→ **Exercise prompt**
The reply should contain all the data below, repeated exactly, and none of the images.
--- Source data Enclosed Below ---
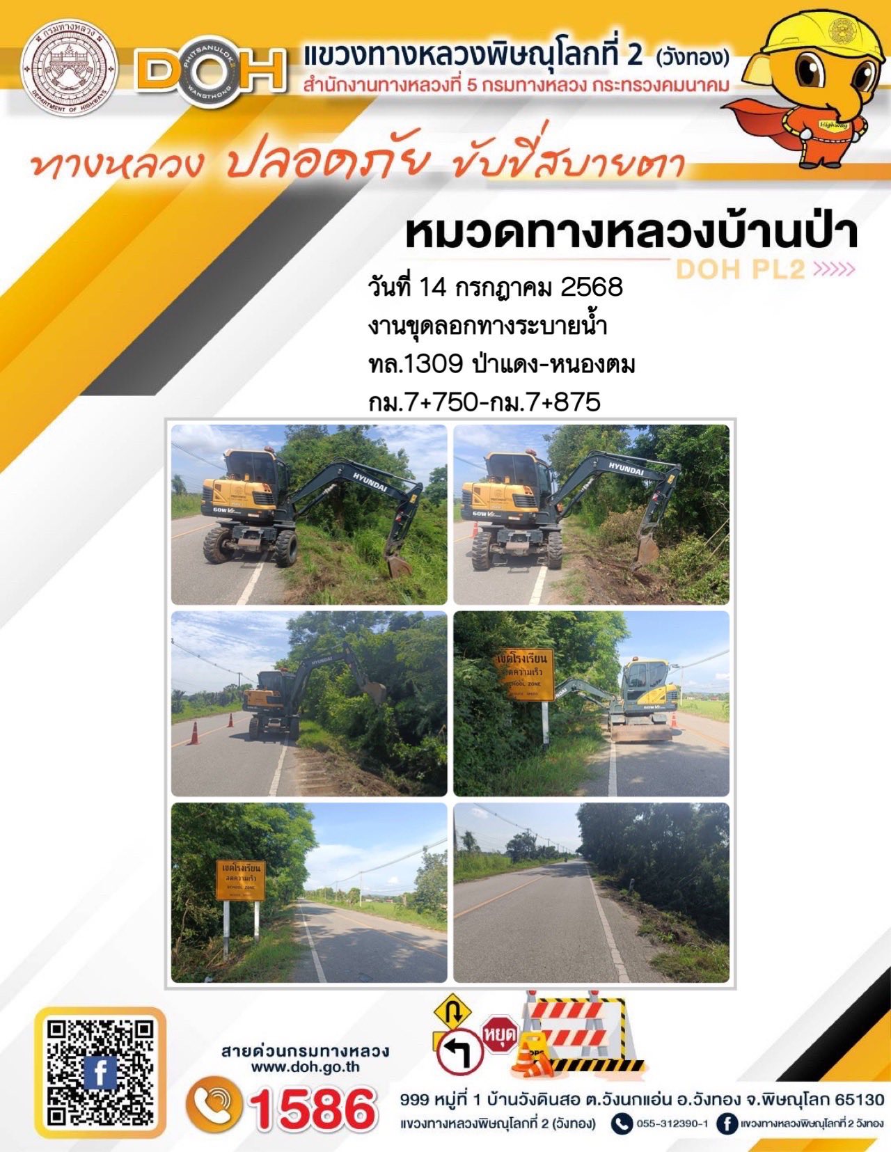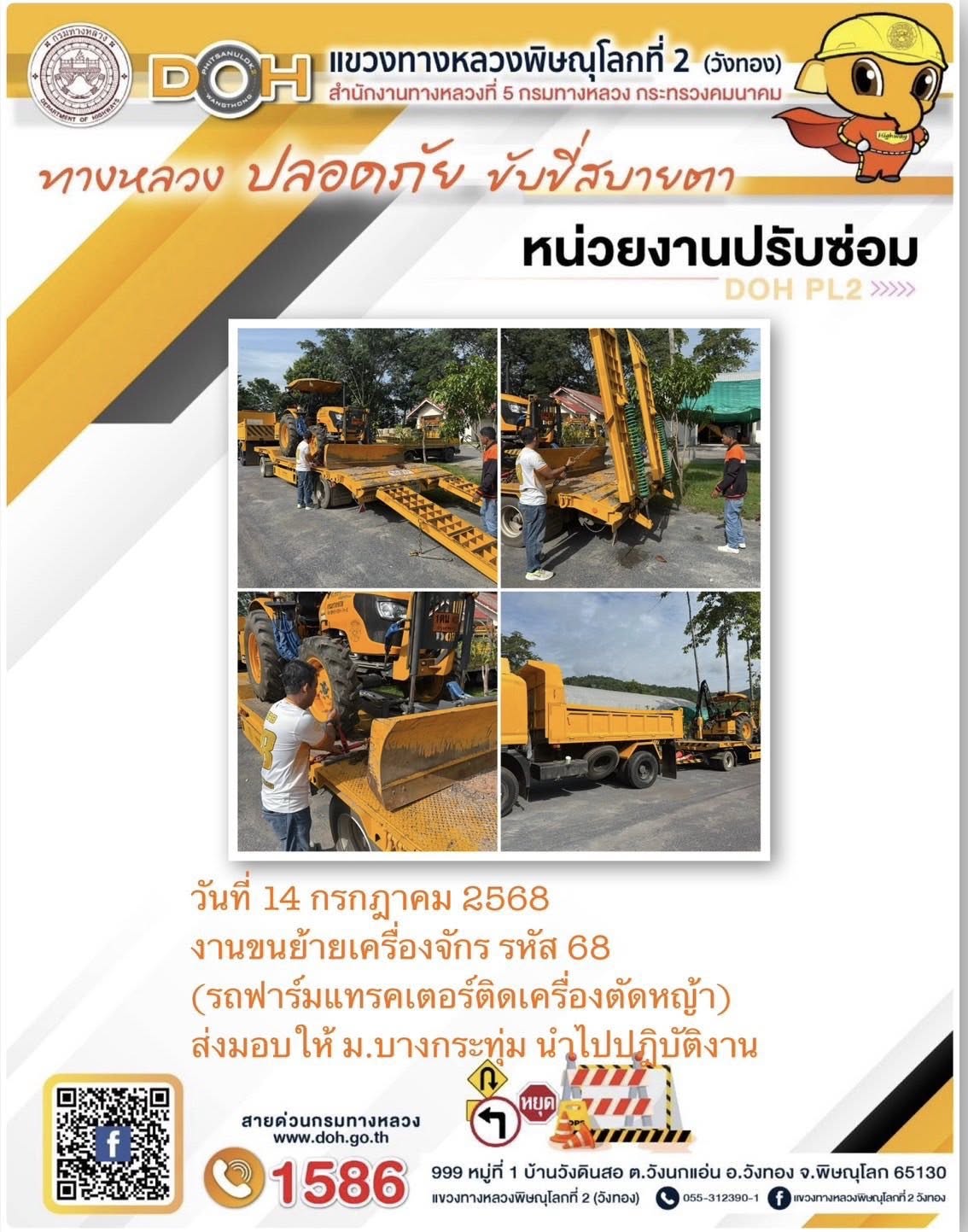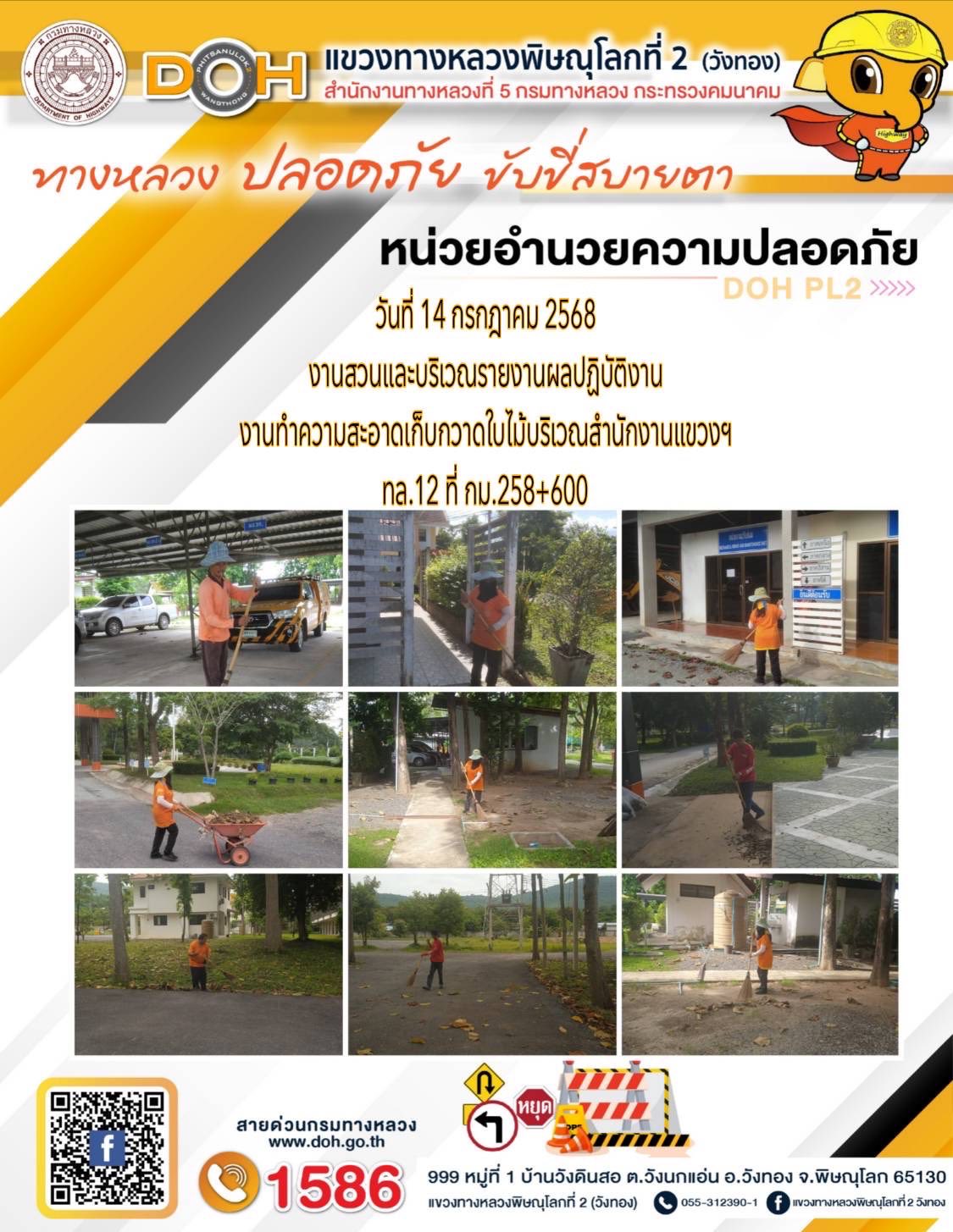 การปฏิบัติงานของ หมวดทางหลวง และ หน่วยงานในสังกัด เพื่ออำนวยความสะดวก และปลอดภัยให้กับประชาชนผู้ใช้เส้นทาง ประจำวันจันทร์ ที่ 14 กรกฎาคม 2568
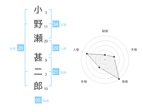 小野瀬 甚二郎さんを姓名の画数から五運を鑑定
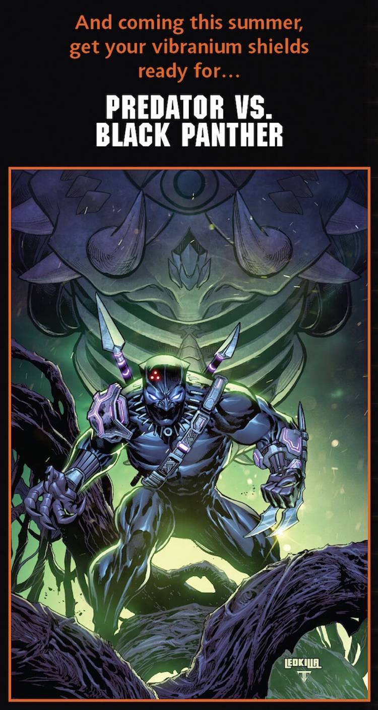 Mientras la especie Predator continúa su búsqueda de los recursos más poderosos del Universo Marvel, Black Panther debe luchar contra los hijos del Rey Predator para proteger Wakanda. Con la mejora del vestuario de T’Challa vislumbrada al final de Depredador: La última cazatiene garras que combinan con las de Yautja junto con nueva tecnología y lanzas que brillan con energía púrpura. Los últimos lectores vieron a un Depredador luchando contra un héroe de Marvel en Depredador contra Wolverine y la bestia alienígena codiciaba el adamantium de Wolverine. En busca del trofeo definitivo para su caza, los nuevos Yautja tienen sus miras térmicas puestas en el vibranio de Wakanda.
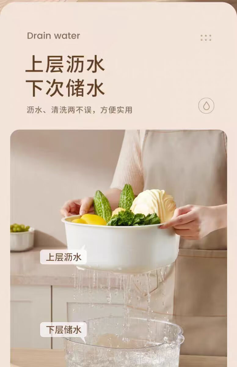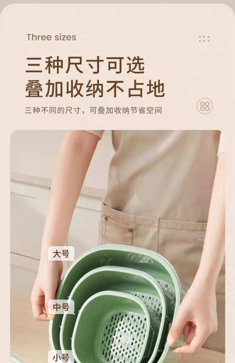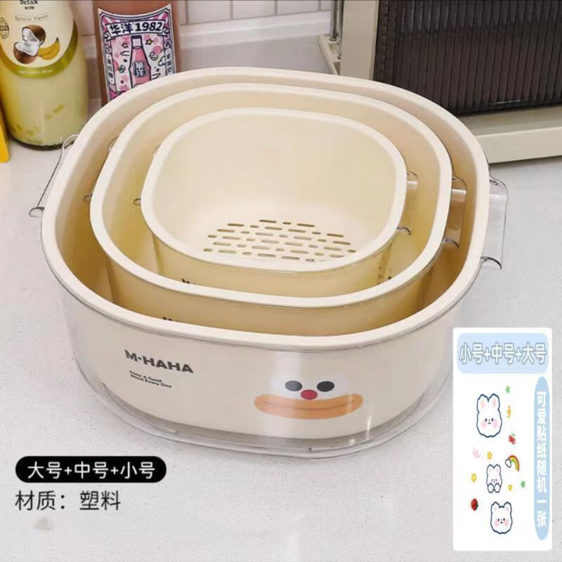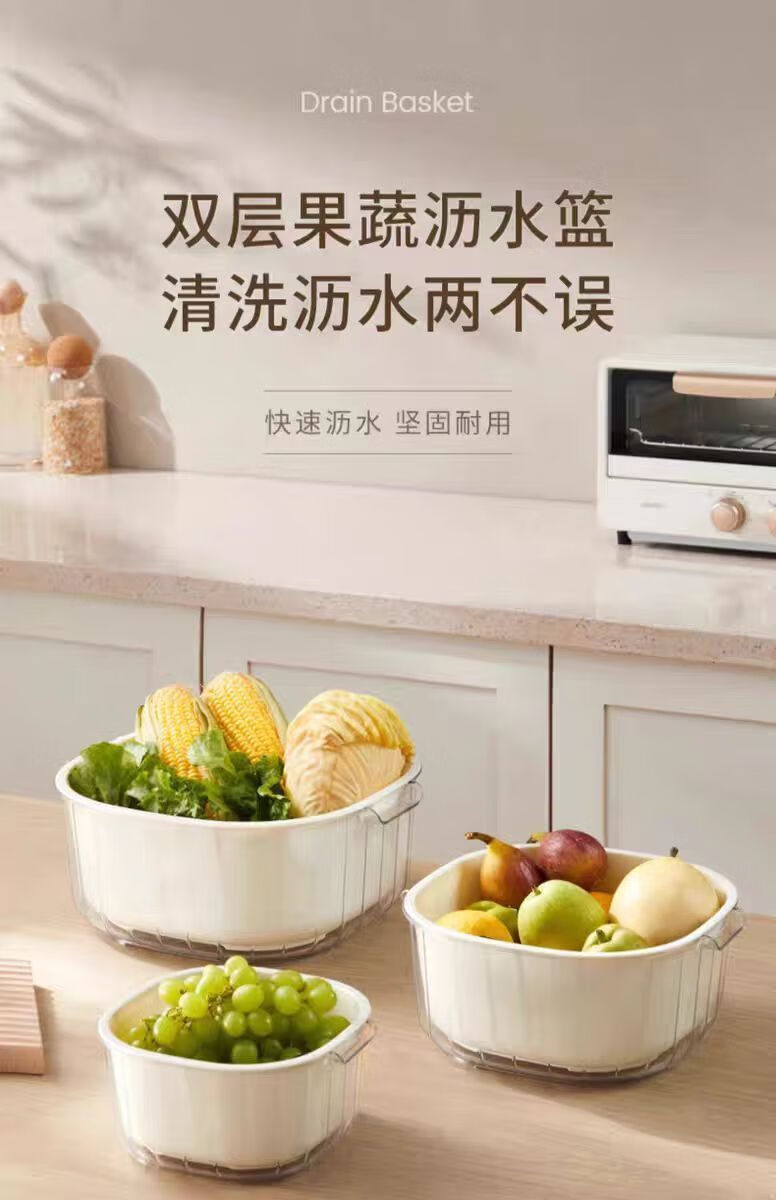 Sanqihu vegetable sink double-layer extra thick vegetable drain basket plastic kitchen multi-purpose living room shopping basket fruit and vegetable cream white 4-piece set extra large + large set super cost-effective strong and durable | super large capacity | quick draining
--- End of Enclosed Source data ---
→ **Result below**
 การปฏิบัติงานของ หมวดทางหลวง และ หน่วยงานในสังกัด เพื่ออำนวยความสะดวก และปลอดภัยให้กับประชาชนผู้ใช้เส้นทาง ประจำวันจันทร์ ที่ 14 กรกฎาคม 2568
 小野瀬 甚二郎さんを姓名の画数から五運を鑑定
 Mientras la especie Predator continúa su búsqueda de los recursos más poderosos del Universo Marvel, Black Panther debe luchar contra los hijos del Rey Predator para proteger Wakanda. Con la mejora del vestuario de T’Challa vislumbrada al final de Depredador: La última cazatiene garras que combinan con las de Yautja junto con nueva tecnología y lanzas que brillan con energía púrpura. Los últimos lectores vieron a un Depredador luchando contra un héroe de Marvel en Depredador contra Wolverine y la bestia alienígena codiciaba el adamantium de Wolverine. En busca del trofeo definitivo para su caza, los nuevos Yautja tienen sus miras térmicas puestas en el vibranio de Wakanda.
 Sanqihu vegetable sink double-layer extra thick vegetable drain basket plastic kitchen multi-purpose living room shopping basket fruit and vegetable cream white 4-piece set extra large + large set super cost-effective strong and durable | super large capacity | quick draining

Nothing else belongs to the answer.